Remember, he also wrote a book about climate change, and look at the vigilance at with he went about changing that.  He even got himself a Nobel Peace Prize for it.  That’s dedication.

I hit July and got impatient, it was then JekyllnHyde pointed out his last couple diaries to me and information about the dates for the Nobel.

So I settled on October 15th as my “official” unofficial date.  Monday is a really good day to start television news (or bad day if you want to hide it).  It would give a day or two for the Nobel prize to sink in and get people talking.  Maybe he’s thinking really hard about it, you never know.  Plus most people need to relax from the news over the weekends and it would be tacky to announce you’ll run the day you win the Nobel. 

So, I’ve been waiting around for this week to come up.  Meanwhile, the country is falling apart, the candidates are going on endless “debates” and ripping each other to shreds.  Al does his thing in the background and those of us waiting for him start signing petitions, writing, organizing, donating, protesting, whatever was needed to bide the time.  It’s been difficult to follow the news in the world the last year.  I thought when we got Congress in 2007 that I could relax. 

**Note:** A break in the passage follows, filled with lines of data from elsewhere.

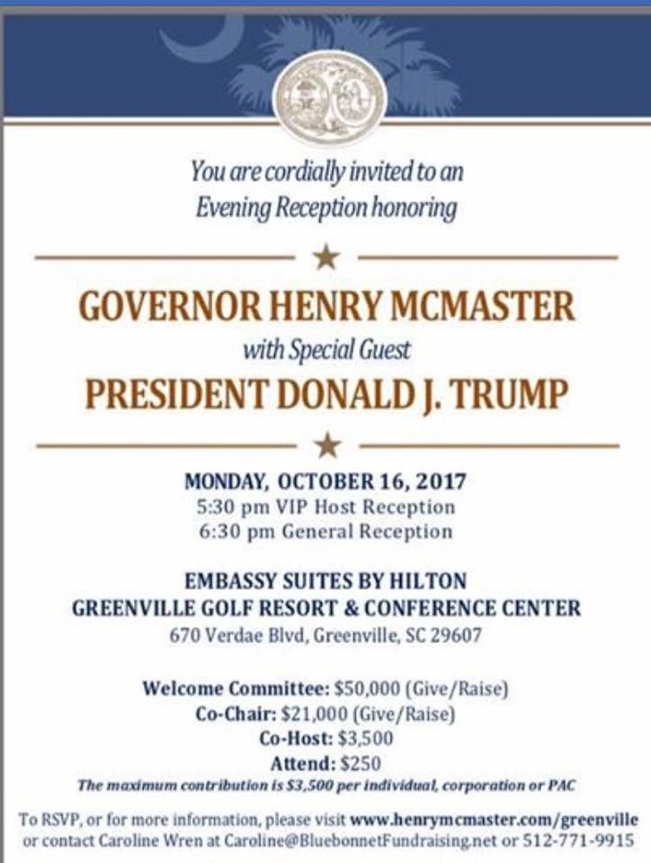 SC#SC2018: Henry McMaster Cashing In On Trump CardGovernor seeks $50,000 bundlers for his reception with Donald Trump … by FITSNewsOctober 9, 2017October 9, 20170 Want to be on the welcome committee for South Carolina governor Henry McMaster‘s big fundraiseYou must Subscribe or log in to read the rest of this content.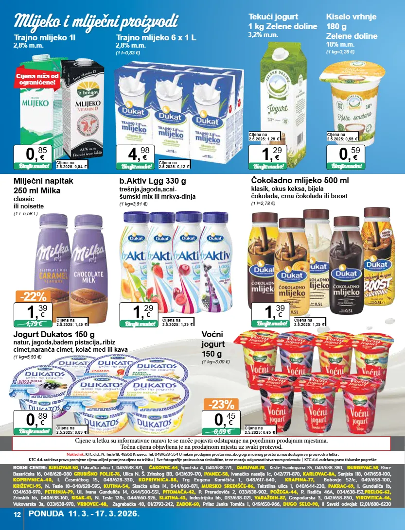 nakladnik: ktc d.d., n, tesle 18, 48260 križevci, tel: 048/628-554 u nekim prodajnim prostorima, zbog ograničenog prostora, nisu dostupni svi proizvodi iz letka . ktc d.d. zadržava pravo promjene cijena uslijed promjena cijena na tržištu | sve fotografije proizvoda su simbolične, te ne moraju odgovarati stvarnom proizvodu | ktc d.d. zadržava pravo tiskarske pogreške robni centri: bjelovar-50 , pakračka ulica 1, 043/638-871, čakovec-64 , športska 4, 040/638-271, daruvar-78 , krste frankopana 35, 043/638-380, đurđevac-59 , đure basaričeka 16, 048/628-080 grubišno polje-76 , ulica n. š. zrinskog bb, 043/639-170, ivanec-58, ivanečko naselje 1c, 042/771-870, karlovac-8a, senjska 118, 047/658-100, koprivnica-40, i. česmičkog 15, 048/628-330, koprivnica-88, trg eugena kumičića 1, 048/617-640, krapina-77, bobovje 52/c, 049/658-100, križevci-95, n. tesle 18–048/628-595, kutina-54, sisačka ulica 14, 044/660-871, mursko središće-86, tekstilna ulica 1, 040/644-230, pakrac-69, i. gundulića 1b, 034/638-970, petrinja-79, ul. ivana gundulića 14, 044/500-551, pitomača-42, p. preradovića 2, 033/638-902, požega-44, p. radića 46a, 034/638-152, prelog-62, zrinskih bb, 040/638-160, sisak-41, n. tesle 12/b, 044/660-926, slatina-43, industrijska bb, 033/638-021, varaždin-87, gospodarska 3, 042/658-850, virovitica-46, vukovarska 3a, 033/638-970, vrbovec-48, zagrebačka 48, 01/2793-242, zabok-60, prilaz janka tomića 1, 049/658-966, dugo selo-90, ii savski odvojak 12,01/688-6230 cijene u letku su informativne naravi te se može pojaviti odstupanje na pojedinim prodajnim mjestima. točna cijena objavljena je na prodajnom mjestu uz svaki proizvod. cijena niža od ograničene! trajno mlijeko 6 x 1 l 2,8% m.m. (1 l=0,83 €) cijena na 2.5.2025: 6,12 € birajte mudro! 4 , 98 € b.aktiv lgg 330 g trešnja,jagoda,acai- šumski mix ili mrkva-dinja (1 kg=3,91 €) cijena na 2.5.2025: 1,29 € birajte mudro! 1 , 29 € jogurt dukatos 150 g natur, jagoda,badem pistacija,.ribiz cimet,naranča cimet, kolač med ili kava (1 kg=5,93 €) cijena na 2.5.2025: 0,89 € birajte mudro! 0 , 89 € čokoladno mlijeko 500 ml klasik, okus keksa, bijela čokolada, crna čokolada ili boost (1 l=2,78 €) cijena na 2.5.2025: 1,39 € birajte mudro! 1 , 39 € trajno mlijeko 1l 2,8% m.m. cijena na 2.5.2025: 0,94 € birajte mudro! 0 , 85 € voćni jogurt 150 g (1 kg=3,00 €) cijena na 2.5.2025: 0,65 € -23% 0,59 € 0 , 45 € mliječni napitak 250 ml milka classic ili noisette (1 l=5,56 €) cijena na 2.5.2025: 1,49 € -22% 1,79 € 1 , 39 € tekući jogurt 1 kg zelene doline 3,2% m.m. cijena na 2.5.2025: 1,29 € birajte mudro! 1 , 29 € kiselo vrhnje 180 g zelene doline 18% m.m. (1 kg=3,28 €) cijena na 2.5.2025: 0,59 € birajte mudro! 0 , 59 € 12 mlijeko i mliječni proizvodi ponuda 11. 3. - 17. 3. 2026.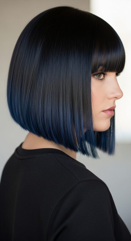You can’t go wrong with this. A sharp, chin-length bob in solid blue black is the ultimate power move. It’s sleek, modern, and surprisingly low-maintenance once you have the color locked in.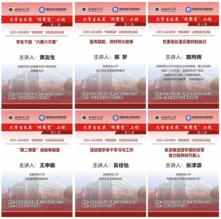 在一站式学生社区通过6场专题讲座,为学院2023-2024学年“物电菁英”训练营学院精准赋能。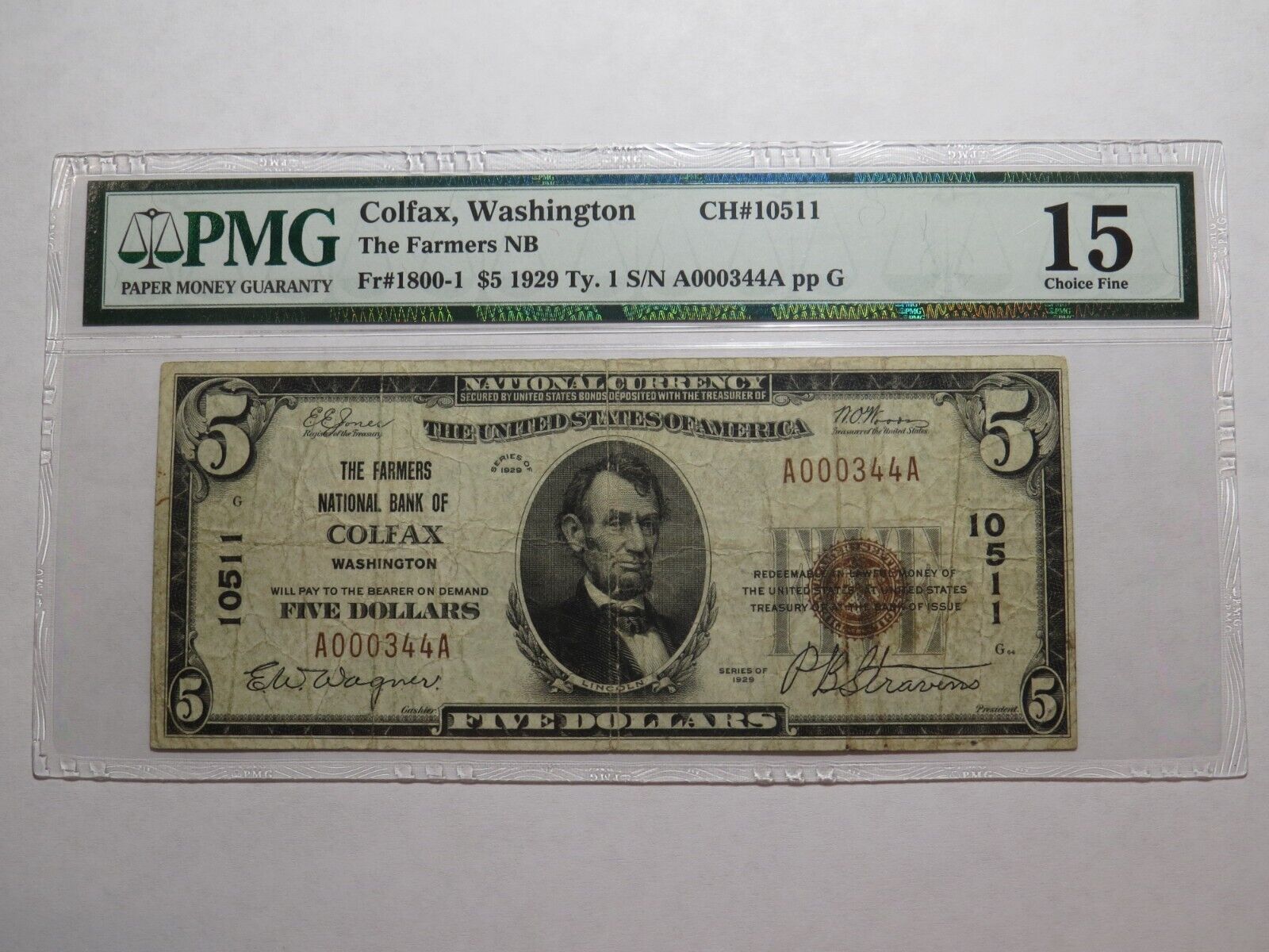 Up for auction is a $5 1929 Colfax Washington Type 1 National Currency Note. This note was issued by The Colfax National Bank. It is Charter #10511. Colfax is a tough to find Washington town! This note has been graded Choice Fine 15 by PMG. This is a problem free note. This bill is a must have for any collector of National Currency!

I think the news got worse.  The last few weeks especially have been draining.

Al Gore probably knew that would happen anyways.  Our democracy is broken.  So now it’s not working the way it should.  By this time it would be a mess.  Unfortunately I think the Democrats have made it worse.  The net roots have filtered some really good progressives into the Senate.  But the leftovers are dragging the whole operation down with it. 

September 16th, Emmy award for Current TV. 

As Joel said, we are trying to open up the television media so that viewers can help to make television and join the conversation of democracy and reclaim American democracy by talking about the choices we have to make.  More to come. Current.com.  Next month.

I had never heard of Current TV before I read Assault on Reason.  I figured Al is involved with Google, Apple and the founding of the internet.  It’s probably going somewhere.  So I signed up sometime over the summer checked it out, but lost interest pretty quickly.

September 24th, Al Gore addresses the UN about the imminent climate crisis.

Interestingly he posts this video on his website on October 5.  The only two posts for October are the speech at the UN and the speech from the Nobel prize. 

For the UN speech, Al starts speaking at about 35 minutes. 

October 10th, the ad in the New York Times runs.

Part of the ad states:

As you so often say, Mr. Vice President, these are not political issues. They are moral issues.

October 11th, beta testing invites for the new Current TV site are sent out.

I got an email on the 11th announcing an invite to the beta of the new site.  It says they have been developing it over the last several months.

Figuring with Al Gore is involved, the New York Times ad, the Nobel announcement, and my October deadline I would check it out and see what I could find.  I was secretly hoping for a front page message about the presidential bid 😉  No such luck.  Well, yet anyways…

October 12th, Al Gore and the IPCC win the Nobel Peace prize.

He holds a press conference and posts the video on his site.  The themes of his UN speech and the press conference are the same.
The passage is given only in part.